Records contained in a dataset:

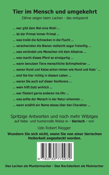 Tier im Mensch und umgekehrtentdecken Sie beider CharaktereZähne zeigen beim Lachen - das entspannt... wer gibt dem Wal eine Wahl ...... ist der Primat immer Primat ...... was treibt die Schnecken in die Flucht ...... verschwinden die Bienen vielleicht sogar freiwillig ...... was verbindet uns Menschen mit dem Albatros ...... was macht dieses Pferd so einzigartig ...... wann benutzen Tiere menschliche Schimpfwörter ...... waren Hund und Katze schon immer wie Hund und Katz´ ...... wer ist You Are Right ...... waren Sie auch auf dieser Konferenz ... ... wem hilft Gott wirklich ...... wer flüstert gerne anderen ins Ohr ...... was sollte der Mensch in der Natur erkennen ...... wann erzählt der Name etwas über den Charakter ... Spritzige Antworten und noch mehr Witziges auf liebe- und humorvolle Weise in - tierisch - von Udo Robert Riegger Wundern Sie sich nicht, wenn Sie von einer tierischen Heiterkeit angesteckt werden. Das Lachen als Muntermacher - Das Nachdenken als Mutmacher
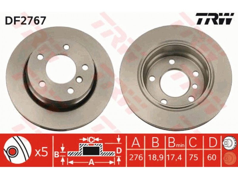 DF2767 ΔΙΣΚΟΠΛΑΚΑ ΟΠ.ΑΕΡΙΖ.(Φ276) TRW DF2767 - Δισκόπλακα
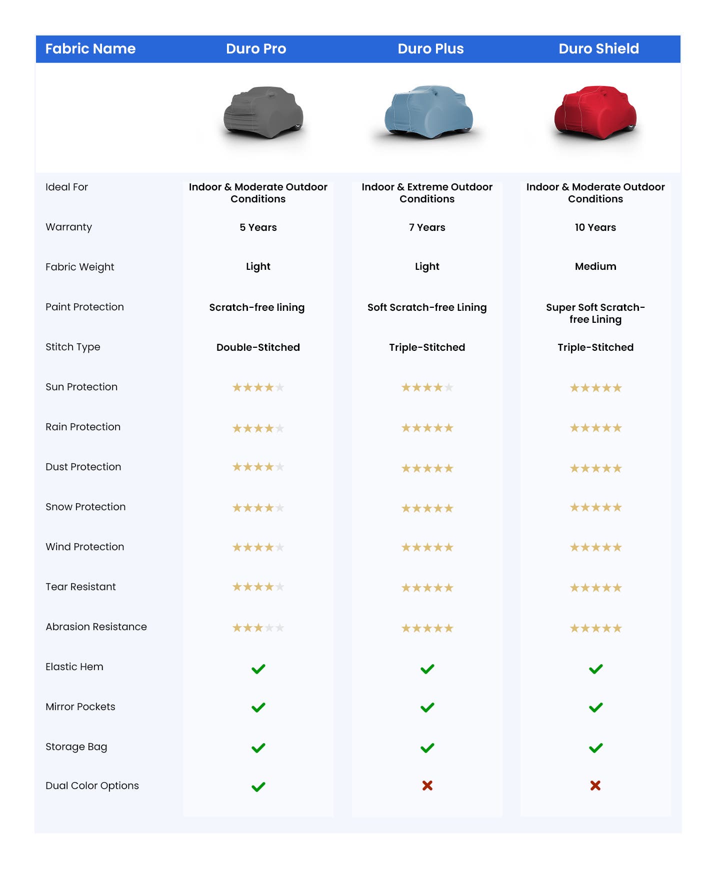 Your made-to-order car cover comes with a complimentary storage bag designed to fit the cover perfectly. Just fold, pack & store until you need it next, your cover’s storage bag will help you keep it sorted.
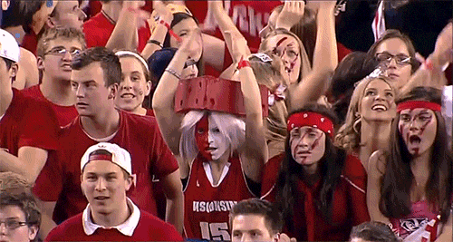 I don't remember why masks/costumes were banned at games at my high school, but in college people get really excited over football games. Full on face paint, costumes and too much glitter are among the many things you are likely to see at college football games.
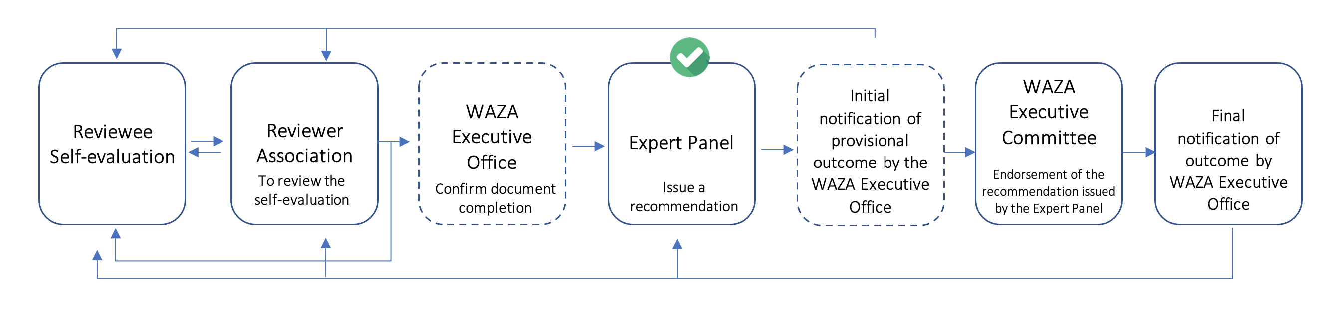 f) Once the report is finalised by the reviewer, it is shared with the WAZA Executive Office, issuing a recommendation on an outcome and for processing to the next stage.
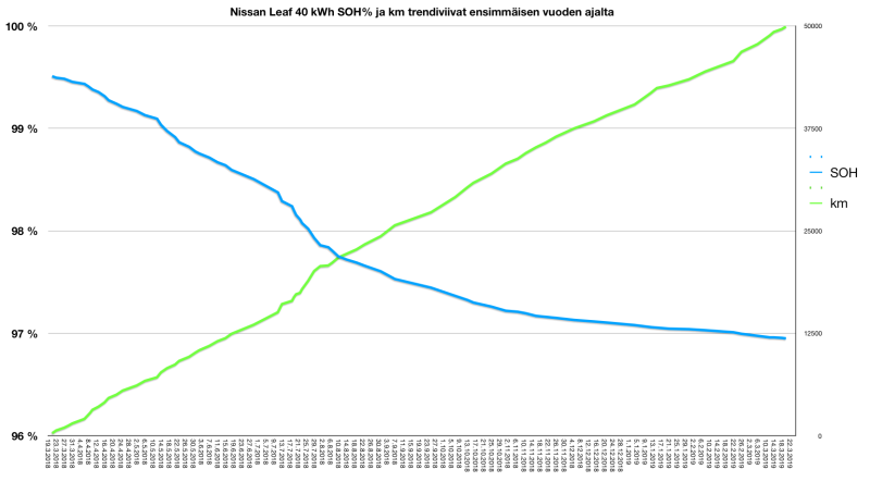 Nyt alkava kesä tosin vasta näyttää miten SOH:n lasku jatkuu. Viime kesänä oli akun kuntoisuudessa voimakas lasku, joka antaisi olettaa kuuman kelin sulattavan akun kuntoa nopeammin. Toisaalta voi olla myös niin, että SOH:n lasku on alussa nopeampaa ja on nyt tasoittunut loivemmalle tasolle, kuten kuvaajasta myös näkyy.

What you will do: Leaving the pictures aside, give back all the records exactly as they are.

Reply to the exercise:
 Tier im Mensch und umgekehrtentdecken Sie beider CharaktereZähne zeigen beim Lachen - das entspannt... wer gibt dem Wal eine Wahl ...... ist der Primat immer Primat ...... was treibt die Schnecken in die Flucht ...... verschwinden die Bienen vielleicht sogar freiwillig ...... was verbindet uns Menschen mit dem Albatros ...... was macht dieses Pferd so einzigartig ...... wann benutzen Tiere menschliche Schimpfwörter ...... waren Hund und Katze schon immer wie Hund und Katz´ ...... wer ist You Are Right ...... waren Sie auch auf dieser Konferenz ... ... wem hilft Gott wirklich ...... wer flüstert gerne anderen ins Ohr ...... was sollte der Mensch in der Natur erkennen ...... wann erzählt der Name etwas über den Charakter ... Spritzige Antworten und noch mehr Witziges auf liebe- und humorvolle Weise in - tierisch - von Udo Robert Riegger Wundern Sie sich nicht, wenn Sie von einer tierischen Heiterkeit angesteckt werden. Das Lachen als Muntermacher - Das Nachdenken als Mutmacher
 DF2767 ΔΙΣΚΟΠΛΑΚΑ ΟΠ.ΑΕΡΙΖ.(Φ276) TRW DF2767 - Δισκόπλακα
 Your made-to-order car cover comes with a complimentary storage bag designed to fit the cover perfectly. Just fold, pack & store until you need it next, your cover’s storage bag will help you keep it sorted.
 I don't remember why masks/costumes were banned at games at my high school, but in college people get really excited over football games. Full on face paint, costumes and too much glitter are among the many things you are likely to see at college football games.
 f) Once the report is finalised by the reviewer, it is shared with the WAZA Executive Office, issuing a recommendation on an outcome and for processing to the next stage.
 Nyt alkava kesä tosin vasta näyttää miten SOH:n lasku jatkuu. Viime kesänä oli akun kuntoisuudessa voimakas lasku, joka antaisi olettaa kuuman kelin sulattavan akun kuntoa nopeammin. Toisaalta voi olla myös niin, että SOH:n lasku on alussa nopeampaa ja on nyt tasoittunut loivemmalle tasolle, kuten kuvaajasta myös näkyy.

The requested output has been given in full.